Gosto de rir da ideia. Afinal, se for isso mesmo, quero morrer rindo de mim mesmo. A gente morre, né. De alguma coisa, a gente vai morrer.

Fiquei olhando pela janela na manhã de hoje uma Lisboa vazia. Espanha, com quase 300 novos casos hoje, segunda (16). A União Europeia determinou o fechamento das fronteiras do continente por 30 dias, algo que não se via talvez desde a Segunda Grande Guerra.

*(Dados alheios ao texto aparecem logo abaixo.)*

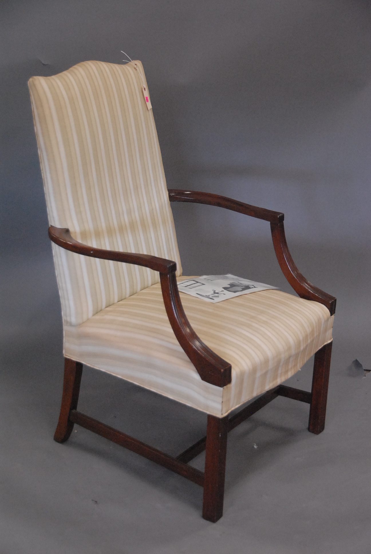 Lot 181: Chippendale style mahogany upholstered chair with fluted legs.
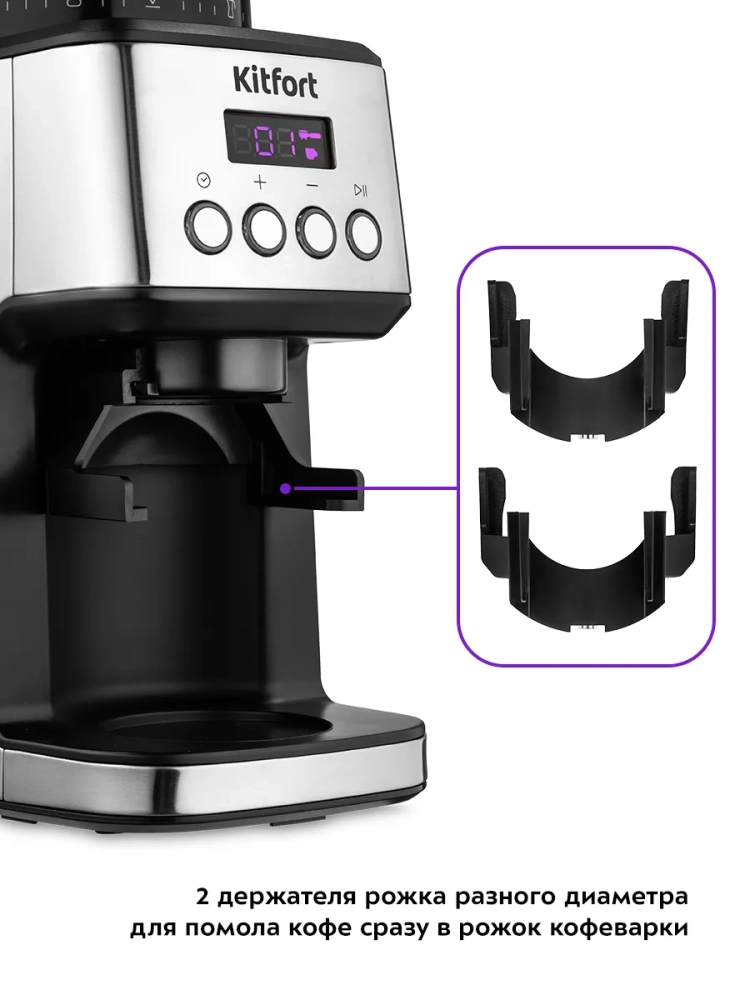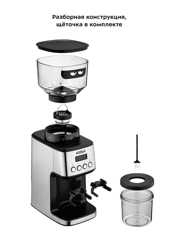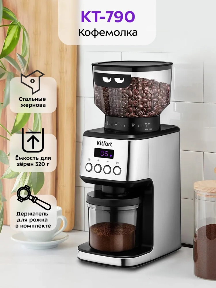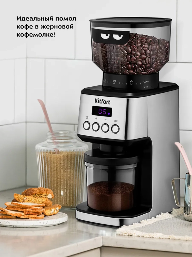 Жерновая кофемолка Kitfort КТ-790 предназначена для помола кофейных зерен. Она оснащена стальными коническими жерновами. Жерновая кофемолка дает равномерный помол и позволяет настроить его степень: от мелкого — для эспрессо кофеварки, до крупного — для френч-пресса. Равномерный помол важен для эспрессо кофеварок: при неравномерном помоле вкус заваренного кофе портится. При помоле в жерновой кофемолке кофе не перегревается, как это происходит в роторных кофемолках. Конические жернова — это два конуса, один установлен в другой. Внешний конус остается неподвижным, а внутренний вращается. Зерно, попадая между жерновами, перемалывается, продвигаясь вниз. Такие жернова позволяют перемалывать зерна за короткий промежуток времени, не перегревая их. Контейнеры для молотого кофе и для зерен съемные. Внешний жернов также съемный — для удобства очистки. Кофемолка оснащена переключателями безопасности: она не включится без контейнера для зерен. В случае перегрева двигателя сработает термопредохранитель и отключит его. Нескользящие ножки делают прибор устойчивее на поверхности.
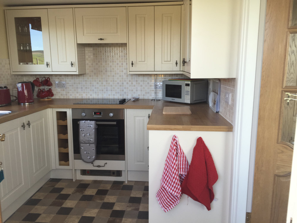 Recently fully renovated, the cottage features a new kitchen, bathroom, carpets, décor and furnishings throughout. The well-equipped kitchen includes a dishwasher and microwave, while a washing machine and tumble dryer are housed in the garage. The dining room offers a cosy wood burner with starter logs provided and a flat-screen TV, while the lounge features a 40-inch smart TV, DVD player, CD player and electric heating, along with views across the Irish Sea and over Southend. The property has three bedrooms comprising one king, one double and one single, sleeping up to five adults, with a travel cot available if required. The bathroom includes both a walk-in shower and a bath with shower over and all electricity is included in the price.

Nós estamos vendo a história em convulsão. Se eu fosse reeditar meu livro, seria isso, “História em Shamas”, e não mais Rio. Nem seria Brasil, ou Europa, ou mundo. História mesmo. Porque não são apenas fatos geográficos, biológicos, econômicos e políticos. São todos esses, e a cabeça das pessoas que estão em chamas. Pessoas realmente acreditando que a Terra é plana. Pessoas realmente acreditando que fazer manifestação contra o “vírus da corrupção’, presidente da República descendo a rampa do Planalto pra apertar a mão de todo mundo, se agarrar, se lambuzar, como fez no último domingo (15), quando a Europa decreta fechamento de todas as fronteiras por 30 dias, a Argentina e o Paraguai também fecham (sabiamente pensando que o vírus pode vir pelo Brasil), ou seja, NÓS É QUE ESTAMOS SENDO ISOLADOS do resto da América Latina.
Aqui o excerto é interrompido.